The data »

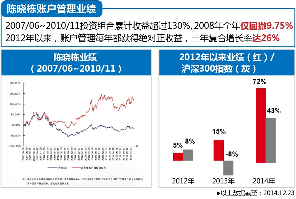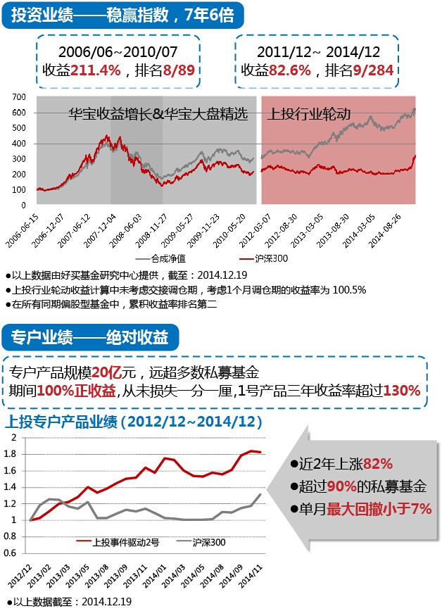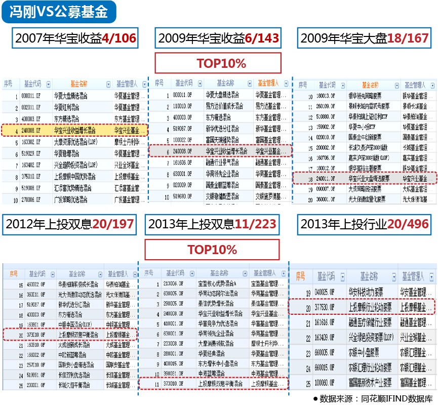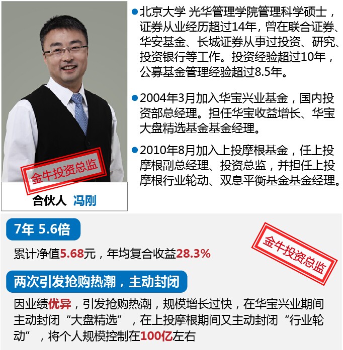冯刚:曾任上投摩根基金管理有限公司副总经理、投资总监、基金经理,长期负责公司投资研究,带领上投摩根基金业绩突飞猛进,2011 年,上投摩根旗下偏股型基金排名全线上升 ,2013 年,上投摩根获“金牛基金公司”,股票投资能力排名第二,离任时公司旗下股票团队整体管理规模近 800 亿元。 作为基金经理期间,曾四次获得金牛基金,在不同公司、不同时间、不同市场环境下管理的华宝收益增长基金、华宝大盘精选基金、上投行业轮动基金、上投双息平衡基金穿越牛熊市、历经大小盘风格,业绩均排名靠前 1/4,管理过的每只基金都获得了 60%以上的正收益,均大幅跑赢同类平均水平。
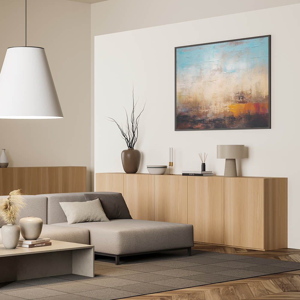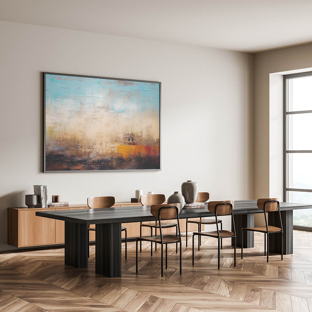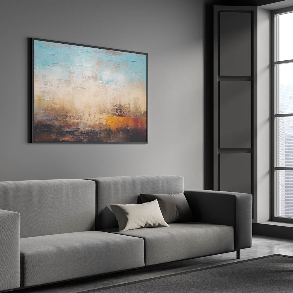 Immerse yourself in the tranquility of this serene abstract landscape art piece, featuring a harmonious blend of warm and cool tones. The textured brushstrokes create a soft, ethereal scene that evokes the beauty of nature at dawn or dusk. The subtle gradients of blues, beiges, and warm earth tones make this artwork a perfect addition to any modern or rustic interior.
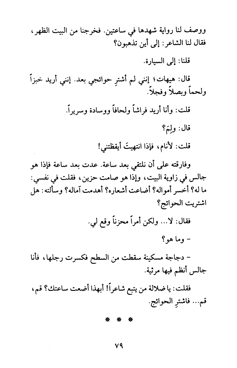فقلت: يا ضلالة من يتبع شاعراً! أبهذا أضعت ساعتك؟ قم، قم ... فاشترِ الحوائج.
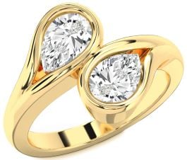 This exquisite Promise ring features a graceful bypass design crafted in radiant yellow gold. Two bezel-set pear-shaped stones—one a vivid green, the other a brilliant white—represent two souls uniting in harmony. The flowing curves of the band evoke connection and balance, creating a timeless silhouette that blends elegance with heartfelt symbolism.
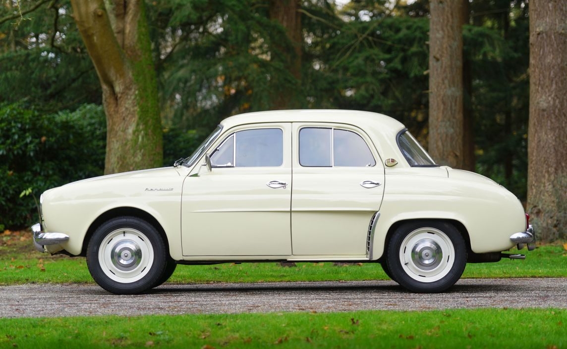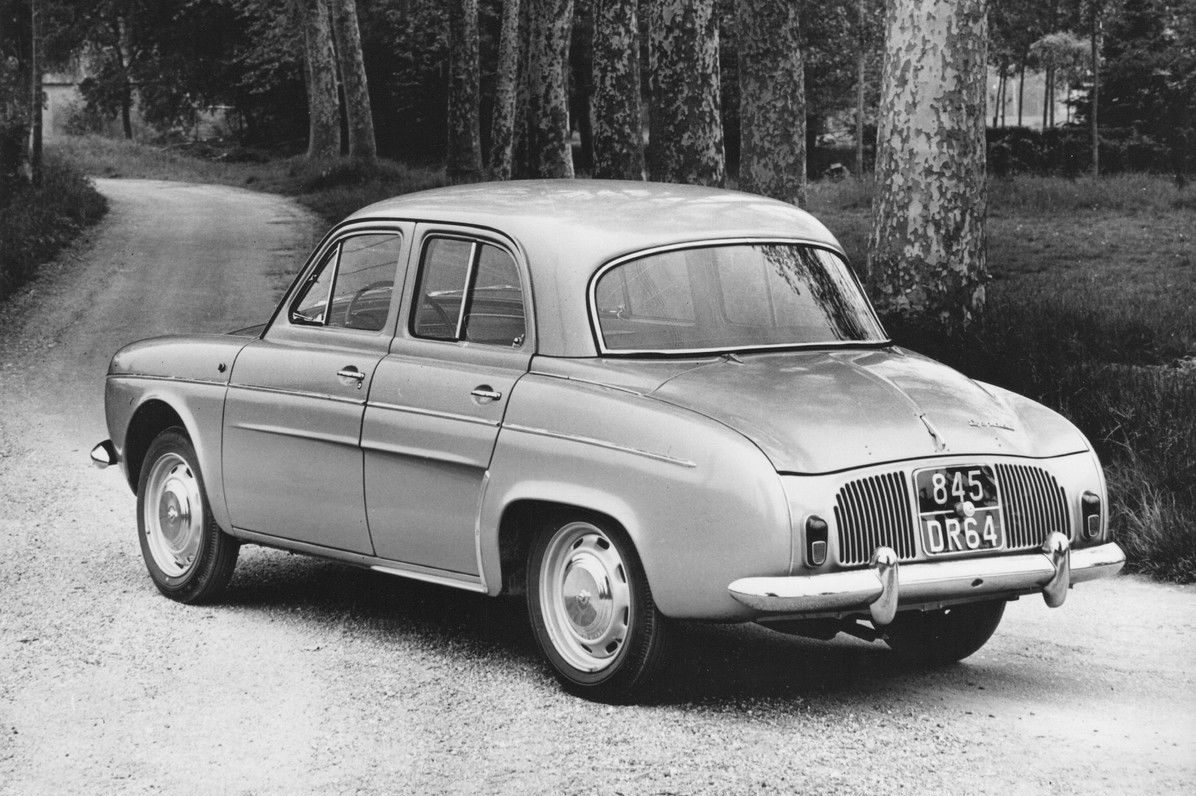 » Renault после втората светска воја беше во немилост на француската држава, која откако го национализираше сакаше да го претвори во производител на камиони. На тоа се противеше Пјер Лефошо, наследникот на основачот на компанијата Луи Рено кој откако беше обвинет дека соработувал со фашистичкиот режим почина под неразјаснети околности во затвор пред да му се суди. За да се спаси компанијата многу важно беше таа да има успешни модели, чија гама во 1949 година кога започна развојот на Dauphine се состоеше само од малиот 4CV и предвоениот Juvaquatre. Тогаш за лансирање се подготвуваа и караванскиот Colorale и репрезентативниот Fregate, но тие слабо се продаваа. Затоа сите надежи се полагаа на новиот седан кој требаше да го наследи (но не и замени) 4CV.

Aim of the task »
Print nothing except the lines above from the one containing "Immerse yourself in" down to the one containing "This exquisite Promise", both included, exactly as written and free of pictures.

Answer to this problem »
 Immerse yourself in the tranquility of this serene abstract landscape art piece, featuring a harmonious blend of warm and cool tones. The textured brushstrokes create a soft, ethereal scene that evokes the beauty of nature at dawn or dusk. The subtle gradients of blues, beiges, and warm earth tones make this artwork a perfect addition to any modern or rustic interior.
فقلت: يا ضلالة من يتبع شاعراً! أبهذا أضعت ساعتك؟ قم، قم ... فاشترِ الحوائج.
 This exquisite Promise ring features a graceful bypass design crafted in radiant yellow gold. Two bezel-set pear-shaped stones—one a vivid green, the other a brilliant white—represent two souls uniting in harmony. The flowing curves of the band evoke connection and balance, creating a timeless silhouette that blends elegance with heartfelt symbolism.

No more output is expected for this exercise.